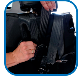
15. Tighten shoulder straps by pulling the loose webbing through the tilt adjuster
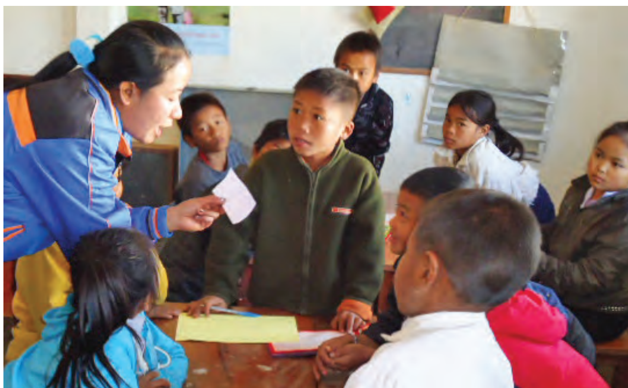
Learning about the risks of UXO in a classroom setting.
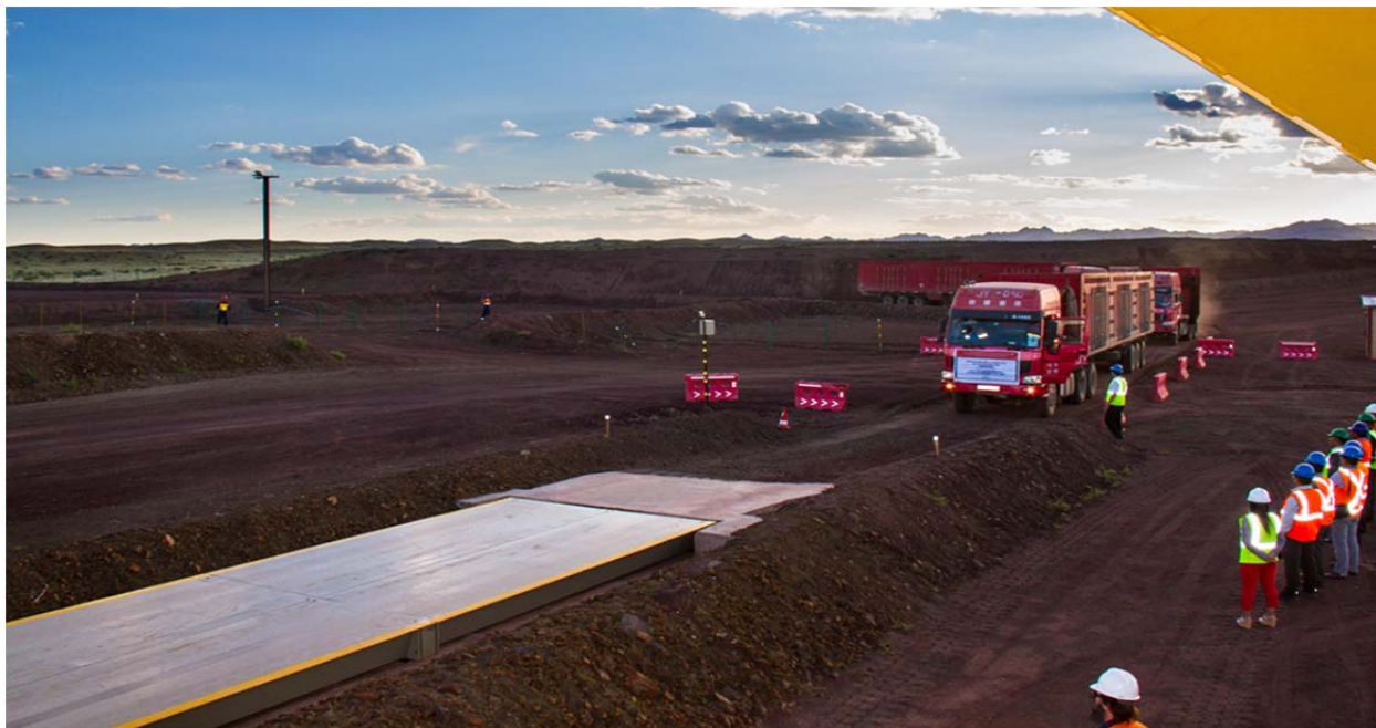
First coal from the Terra Energy BNU mine in Mongolia heads to a weigh bridge.
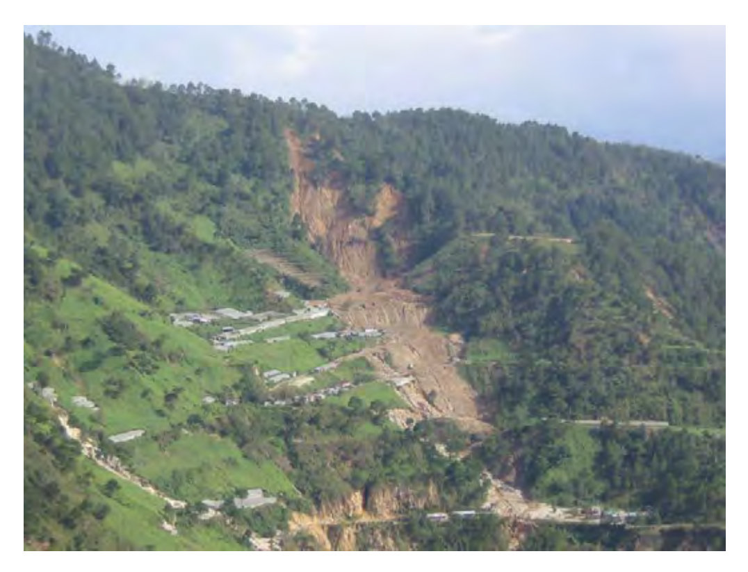
Photo-17 Landslide by Pepeng at Sto. Nino, Bgy. Ambassador Tublay, Benguet (CAR Region)
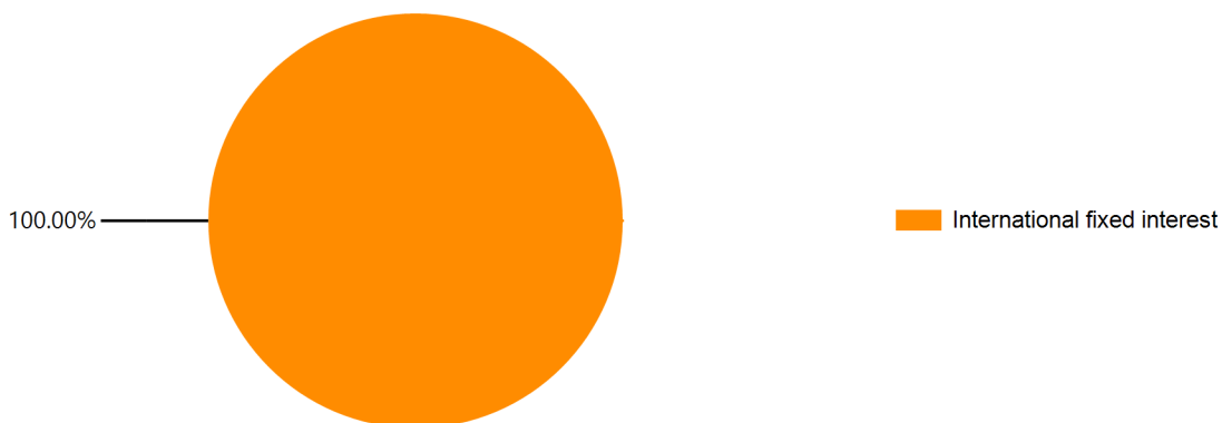
Target Investment Mix

As detailed in the SIPO, the target asset mix does not include cash held by the underlying fund.
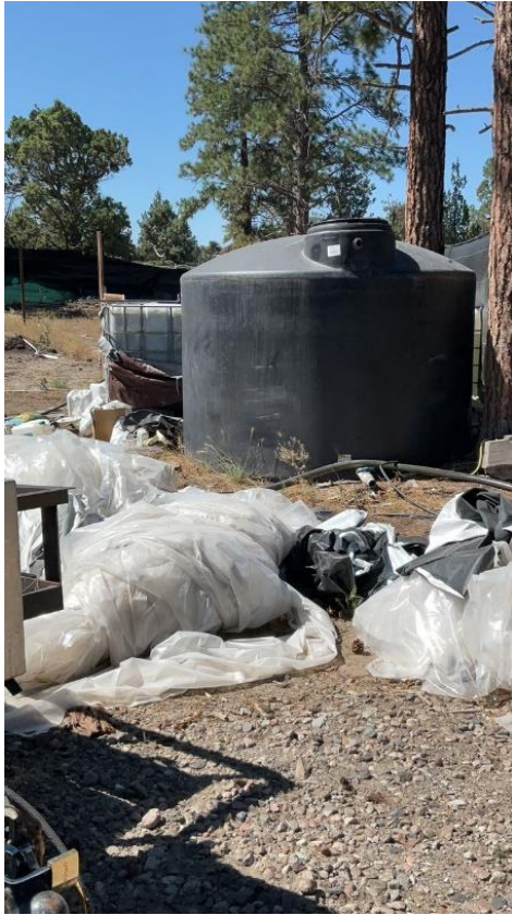
Figure 5. Water tanks and plastic refuse at Point Location 3.
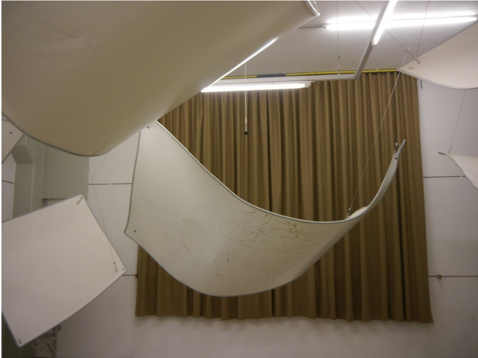
Figure B.1. Test object mounted in the reverberation room, frontal view.
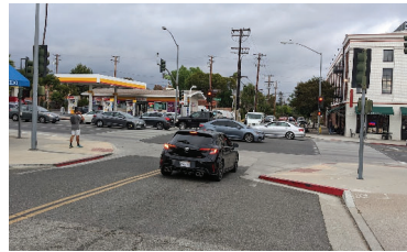
Example of proposed bulb-out trimming locations on the northwest and southwest corners of Fair Oaks Avenue & Hope Street

Bulb-outs exist at 17 corners on Fair Oaks Avenue. Possible improvements include smoothing the curb angles to accommodate street sweeping, trimming the approaches to allow right turn-on-red movements, or potentially the complete removal of the bulb-outs.
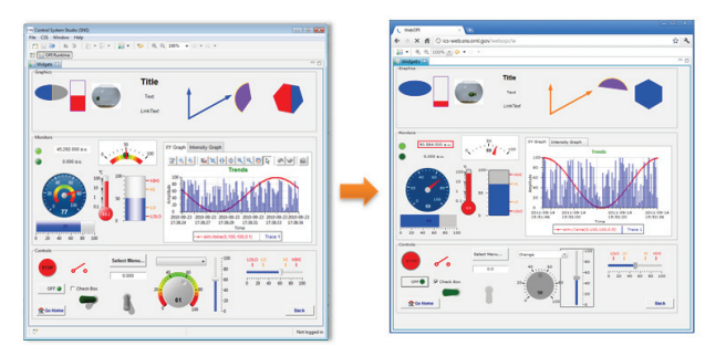
Figure 1: Comparison of same OPI running in CSS BOY and web browser.

To bring control system UIs to the Web, the ideal way is to directly run existing desktop Operator Interfaces in web browsers without extra effort. This is exactly what WebOPI does. It seamlessly executes OPI files created by CSS BOY in web browsers, without any modifications (see Fig.1).
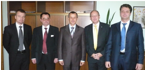
At the National Bank of Belarus

Ukraine & Belarus to representatives from local banks in the afternoon. ACI's President talked on the advantages of the International ACI Association, its programme as well about actual market developments.
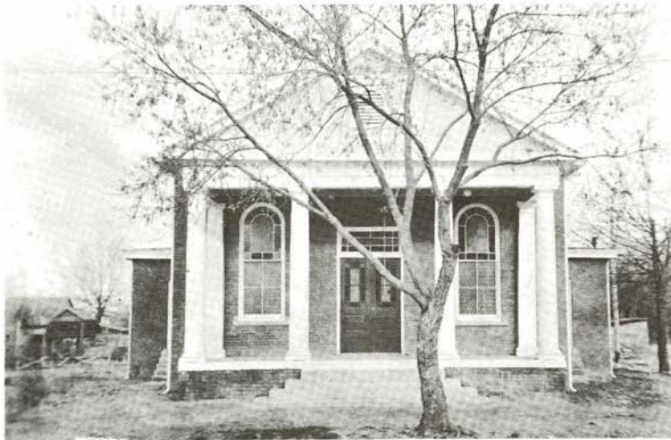
Remodeled Church (1923)

================================

▶ Task prompt
Print each of the records above exactly as written, leaving no picture in the copy.

▶ Expected answer
15. Tighten shoulder straps by pulling the loose webbing through the tilt adjuster
Learning about the risks of UXO in a classroom setting.
First coal from the Terra Energy BNU mine in Mongolia heads to a weigh bridge.
Photo-17 Landslide by Pepeng at Sto. Nino, Bgy. Ambassador Tublay, Benguet (CAR Region)
Target Investment Mix

As detailed in the SIPO, the target asset mix does not include cash held by the underlying fund.
Figure 5. Water tanks and plastic refuse at Point Location 3.
Figure B.1. Test object mounted in the reverberation room, frontal view.
Example of proposed bulb-out trimming locations on the northwest and southwest corners of Fair Oaks Avenue & Hope Street

Bulb-outs exist at 17 corners on Fair Oaks Avenue. Possible improvements include smoothing the curb angles to accommodate street sweeping, trimming the approaches to allow right turn-on-red movements, or potentially the complete removal of the bulb-outs.
Figure 1: Comparison of same OPI running in CSS BOY and web browser.

To bring control system UIs to the Web, the ideal way is to directly run existing desktop Operator Interfaces in web browsers without extra effort. This is exactly what WebOPI does. It seamlessly executes OPI files created by CSS BOY in web browsers, without any modifications (see Fig.1).
At the National Bank of Belarus

Ukraine & Belarus to representatives from local banks in the afternoon. ACI's President talked on the advantages of the International ACI Association, its programme as well about actual market developments.
Remodeled Church (1923)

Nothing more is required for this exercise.